# Your goal
Once the pictures are removed, restate the data below word for word.

[Task data Boundary: Start]

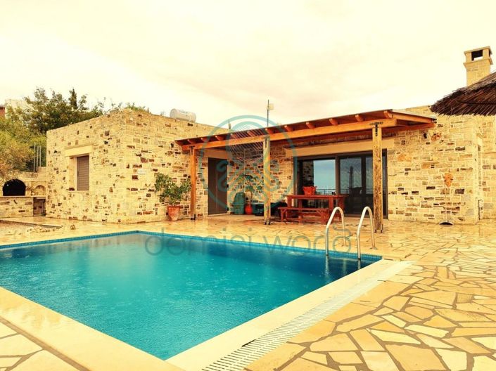 Property Code: 1-560 - FOR SALE in Timpaki Kamilari 650.000 € . This 85.00 sq. m. is on the floor and features 2 Bedrooms, Livingroom, 2 Bathrooms The property also boasts Heating system: Individual - Petrol, tiled floor, unobstructed view, Window frames: Aluminium, garden, fireplace, swimming pool, A/C, insect screens, solar-powered water heater. Plot area: 500 s.q. Distance from sea 1000 meters,
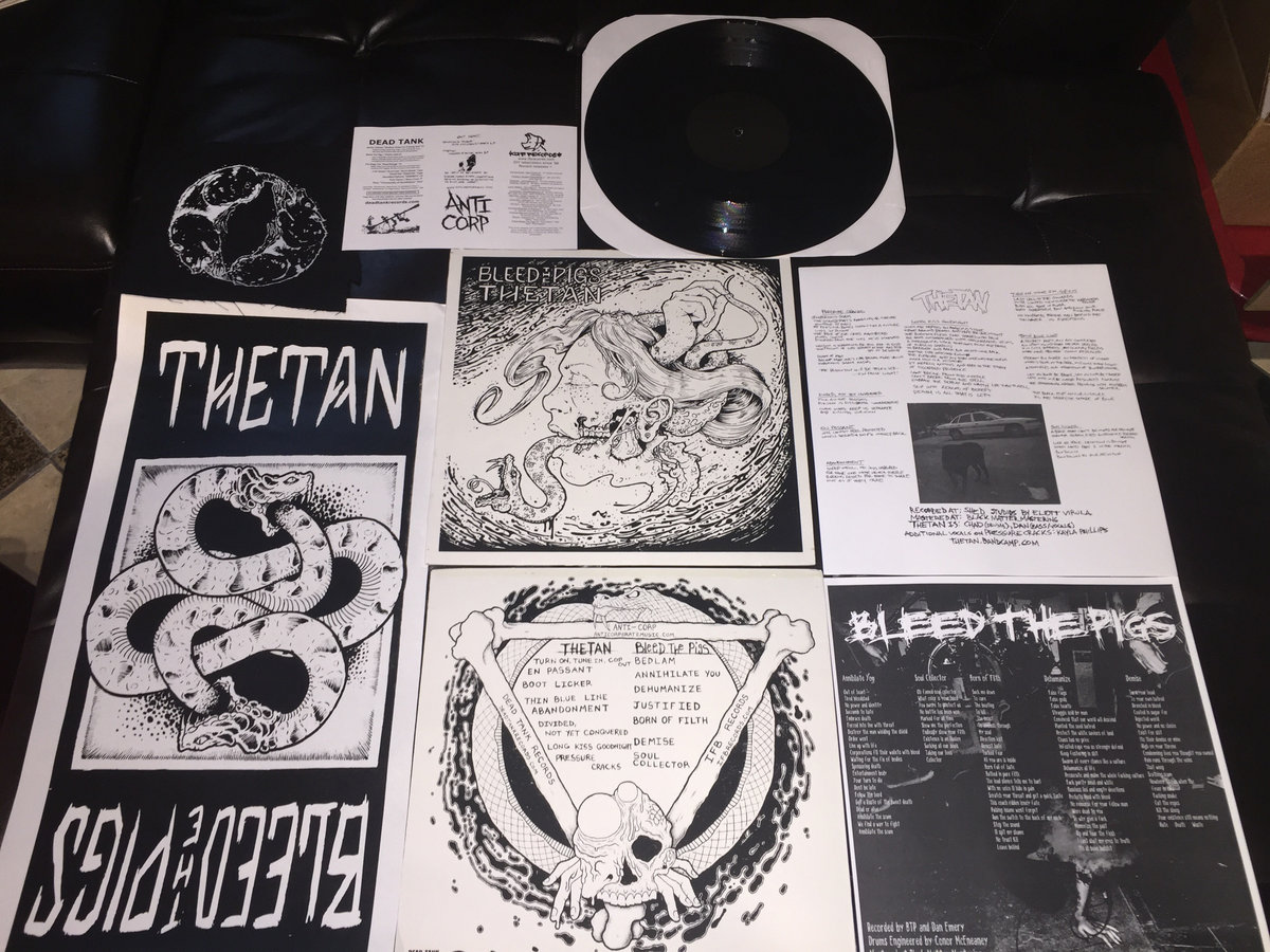 This junt comes with a poster, a patch, a couple of inserts, and a record that has been etched not once, but twice. Almost everything in this release is screen printed on stuff we could have just as easily thrown away.
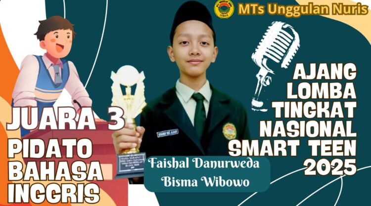 Pesantren Nuris – MTs Unggulan Nuris kembali mempertegas posisinya sebagai lembaga pendidikan Islam yang kompetitif di bidang bahasa. Prestasi terbaru datang dari Faishal Danurweda Bisma Wibowo, siswa kelas 9E, yang berhasil meraih Juara 3 dalam ajang Pidato Bahasa Inggris tingkat nasional. Kompetisi bertajuk “SMART TEENS 2025” ini diselenggarakan oleh SMA Al Furqan Jember dan diikuti oleh peserta berbakat dari berbagai sekolah di Indonesia.
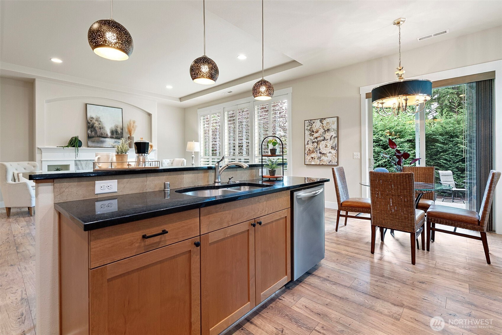 Come home to this sophisticated single-level beauty! Set in the newer Fox Run neighborhood, you are within minutes of downtown Gig Harbor and Uptown shopping/dining. This home features a layout that is spacious in all the right places. From the inviting living/dining room with eye-catching fireplace, to the gourmet kitchen with double oven and island perfect for entertaining, from the airy primary suite with gracious walk-in closet and luxurious soaking tub, to the fully-fenced yard with patio, it's creature comforts galore. Two guest bedrooms, guest bath, and den off entry ensure plenty of space! Garage is equipped with electric car charger. This house comes with a complimentary one-year home warranty. See yourself here!
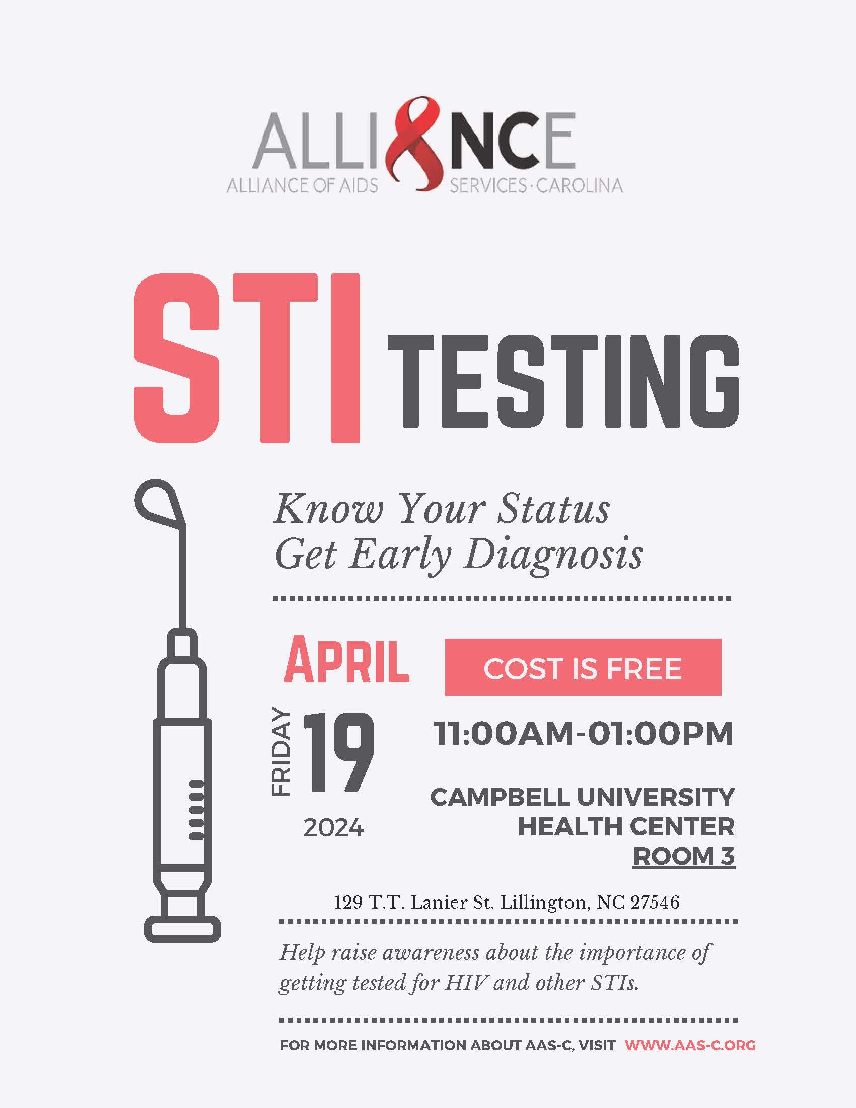 [Pa24] Free STI Testing Clinic Provided by the Alliance of AIDS Services - Carolina

[Task data Boundary: End]

# Task answer
 Property Code: 1-560 - FOR SALE in Timpaki Kamilari 650.000 € . This 85.00 sq. m. is on the floor and features 2 Bedrooms, Livingroom, 2 Bathrooms The property also boasts Heating system: Individual - Petrol, tiled floor, unobstructed view, Window frames: Aluminium, garden, fireplace, swimming pool, A/C, insect screens, solar-powered water heater. Plot area: 500 s.q. Distance from sea 1000 meters,
 This junt comes with a poster, a patch, a couple of inserts, and a record that has been etched not once, but twice. Almost everything in this release is screen printed on stuff we could have just as easily thrown away.
 Pesantren Nuris – MTs Unggulan Nuris kembali mempertegas posisinya sebagai lembaga pendidikan Islam yang kompetitif di bidang bahasa. Prestasi terbaru datang dari Faishal Danurweda Bisma Wibowo, siswa kelas 9E, yang berhasil meraih Juara 3 dalam ajang Pidato Bahasa Inggris tingkat nasional. Kompetisi bertajuk “SMART TEENS 2025” ini diselenggarakan oleh SMA Al Furqan Jember dan diikuti oleh peserta berbakat dari berbagai sekolah di Indonesia.
 Come home to this sophisticated single-level beauty! Set in the newer Fox Run neighborhood, you are within minutes of downtown Gig Harbor and Uptown shopping/dining. This home features a layout that is spacious in all the right places. From the inviting living/dining room with eye-catching fireplace, to the gourmet kitchen with double oven and island perfect for entertaining, from the airy primary suite with gracious walk-in closet and luxurious soaking tub, to the fully-fenced yard with patio, it's creature comforts galore. Two guest bedrooms, guest bath, and den off entry ensure plenty of space! Garage is equipped with electric car charger. This house comes with a complimentary one-year home warranty. See yourself here!
 [Pa24] Free STI Testing Clinic Provided by the Alliance of AIDS Services - Carolina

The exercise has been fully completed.